By default, seaborn's barplot function operates on the entire dataset to compute an estimate based on the mean. The thin, black vertical "error bars" represent a 95% confidence interval. You can use the errorbar parameter to change this default value.

You should also take note that the hue parameter is available with most of seaborn's functions. It allows you to visualize categories. Each category is represented by a unique color. Also, a legend is displayed that maps category names to colors.

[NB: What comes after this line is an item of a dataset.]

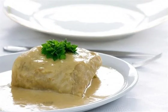 ШАГ 3 Мясо сварить, пропустить через мясорубку, соединить с тушеными овощами, вареным рассыпчатым рисом и рубленой зеленью, хорошо вымешать и, разделив на 2–3 части, завернуть в листья капусты, сложить в кастрюлю, залить сметанным соусом и запечь.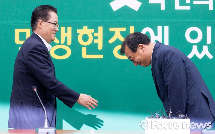 (서울=포커스뉴스) 11일 오후 서울 여의도 국회에서 박지원(왼쪽) 국민의당 비상대책위원장이 이정현 새누리당 대표와 면담에 앞서 인사하고 있다.

Create a combined histogram of a single variable across multiple categories¶

In the next set of exercises, we will switch to seaborn's "penguins" built-in dataset that provides a richer set of categories and variables. But first, you should load and view the dataset to get familiar with its columns and the types of data they contain:

In [ ]:

# Load and display the penguins dataset
penguins = sns.load_dataset('penguins')
penguins

Out[ ]:

	species	island	bill_length_mm	bill_depth_mm	flipper_length_mm	body_mass_g	sex
0	Adelie	Torgersen	39.1	18.7	181.0	3750.0	Male
1	Adelie	Torgersen	39.5	17.4	186.0	3800.0	Female
2	Adelie	Torgersen	40.3	18.0	195.0	3250.0	Female
3	Adelie	Torgersen	NaN	NaN	NaN	NaN	NaN
4	Adelie	Torgersen	36.7	19.3	193.0	3450.0	Female
...	...	...	...	...	...	...	...
339	Gentoo	Biscoe	NaN	NaN	NaN	NaN	NaN
340	Gentoo	Biscoe	46.8	14.3	215.0	4850.0	Female
341	Gentoo	Biscoe	50.4	15.7	222.0	5750.0	Male
342	Gentoo	Biscoe	45.2	14.8	212.0	5200.0	Female
343	Gentoo	Biscoe	49.9	16.1	213.0	5400.0	Male

344 rows × 7 columns

In this exercise, you will learn how to combine the distributions of 3 species of penguins across a single variable, flipper length.

In [ ]:

flipper_length = sns.displot(
    penguins,
    x='flipper_length_mm',
    hue='species',
    multiple='stack'
)
flipper_length.set(
    title='Cross-species penguin flipper length',
    xlabel='Flipper length (mm)'
)

Out[ ]:

<seaborn.axisgrid.FacetGrid at 0x154696810>

This stacked histogram reveals the overlap regarding flipper length across the different species. However, it doesn't provide a good view of the data distribution for each species.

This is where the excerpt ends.